The advantage is that it allows for proper visual stimulation timing and for
higher animation framerates in various configurations in which the operating
system provided mechanisms would cause impaired timing and drastically reduced
or erratic framerates, especially when the subject visual stimulation display
and the experimenter feedback mirror display do not have perfectly synchronized
video refesh cycles, e.g., because the two displays are not the same model and
vendor, or can’t be set to the same video resolution and refresh rate, or
can’t be connected both to the same type of video link (e.g. not both via
DisplayPort)), or operating system limitations prevent synchronized scanout.
Non-synchronized video refresh can cause broken timing, strong judder of
animations or severely reduced framerate, e.g., if a 60 Hz experimenter
display throttles all animations down to 60 fps, even though the subjects
stimulus display is configured for 120 Hz operation. This mode will run the
main window for stimulus presentation with proper timing and vsync, whereas
it runs the experimenter feedback “mirror” display without vsync, allowing
for tearing artifacts to happen, in exchange for optimal timing and performance
on the main display.

Another advantage is that this allows to display an overlay window on top of
the visual stimulus mirror image, to supply some additional debug information
to the experimenter. Operating system provided mirror modes don’t allow for
such overlays.

This function only works for monoscopic displays and single-window stereo
modes (steremode 2 - 9 and some PsychImaging modes), it can not be used with
frame-sequential or dual-window / dual-stream stereo display modes, as it
internally uses the machinery for stereomode 10 with a few modifications to
get its job done, so obviously neither dual-window mode 10 nor any similar
mode can be used without interference.

This function is typically used for mirroring onto a secondary display of a
multi-display setup on Apple macOS, or if you need to mirror on Microsoft
Windows and can’t use “desktop spanning” mode on Windows to achieve dual
display output. On Linux/X11, this can be useful in combination with the
Vulkan display backend, ie. the ‘UseVulkanDisplay’ task. On Linux or Windows
with a properly synchronized dual-display setup, rather use the task
‘MirrorDisplayToSingleSplitWindow’ (see below). That task should work
well on in synchronized mode, and is more efficient. It would also work well
in conjunction with a hardware display splitter attached to a single
head on any operating system. It has the advantage of consuming less
memory and compute ressources, so it is potentially faster or provides
a more reliable overall timing. On modern Linux distributions with X-Server
version 21 or later, e.g., Ubuntu 22.04-LTS or later, that more efficient
mode can also be made to work, after special setup with XOrgConfCreator, on
unsynchronized displays.

Usage: PsychImaging(‘AddTask’, ‘General’, ‘MirrorDisplayTo2ndOutputHead’, mirrorScreen [, mirrorRectangle=[]][, specialFlags=0][, useOverlay=0]);

The content of the onscreen window shall be shown not only on the
display associated with the screen given to PsychImaging(‘OpenWindow’,
…); but also (as a copy) on the screen with the index ‘mirrorScreen’.

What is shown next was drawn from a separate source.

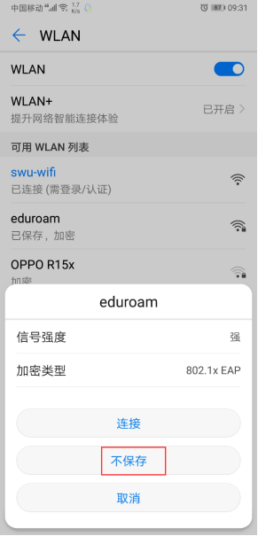 注:若连接不成功,可删除eduroam重试一次,方法如下:点击eduroam图标,选择【不保存】或【删除网络】。

Optionally you can pass a ‘mirrorRectangle’ if the window with the
mirror image shall not fill the whole ‘mirrorScreen’, but only a
subregion ‘mirrorRectangle’.

‘specialFlags’ are optional flags to customize the mirror window, similar to
the specialFlags parameter of PsychImaging(‘OpenWindow’, …., specialFlags).
Cfe. flags like kPsychGUIWindow and kPsychGUIWindowWMPositioned to turn the
experimenter feedback mirror window into a regular desktop GUI window that
can be moved and resized.

Optionally you can set the ‘useOverlay’ flag to 1, to request use of an
overlay window on top of the mirror window. The function …
overlaywin = PsychImaging(‘GetMirrorOverlayWindow’, win);
… will return a window handle overlaywin for a given onscreen window win,
and you can then use overlaywin for drawing content into that overlay.

* ‘MirrorDisplayToSingleSplitWindow’ Mirror the content of the onscreen
window to the right half of the desktop (if desktop spanning on a
dual-display setup is enabled) or the right-half of the virtual screen
if a display splitter (e.g., Matrox Dualhead2Go (TM)) is attached to a
single head of a graphics card. This should give the same result as if one
switches the graphics card into “Mirror mode” or “Clone mode” via the
display settings panel of your operating system. It offers the same tradeoffs
and advantages as explained above for ‘MirrorDisplayTo2ndOutputHead’ mode.
The ‘MirrorDisplayToSingleSplitWindow’ task may be a bit more efficient than
‘MirrorDisplayTo2ndOutputHead’, but it requires either use of a modern Linux
distribution like Ubuntu 22.04-LTS with X-Server 21, and some configuration
with XOrgConfCreator, or the use of two display devices of identical
model from the same vendor, set to exactly the same video mode
(resolution and refresh rate), and identical video connections, so the
video refresh cycles of both the stimulus presentation display, and the
experimenter feedback mirror display are perfectly synchronized with
each other. Otherwise timing and performance will be less than optimal!
If you can’t meet these conditions then the ‘MirrorDisplayTo2ndOutputHead’
task is the better choice, at expense of higher gpu load.

Usage: PsychImaging(‘AddTask’, ‘General’, ‘MirrorDisplayToSingleSplitWindow’ [, useOverlay=0][, mirrorDestination]);

Optionally you can set the ‘useOverlay’ flag to 1, to request use of an
overlay window on top of the mirrored stimulus. The function …
overlaywin = PsychImaging(‘GetMirrorOverlayWindow’, win);
… will return a window handle overlaywin for a given onscreen window win,
and you can then use overlaywin for drawing content into that overlay.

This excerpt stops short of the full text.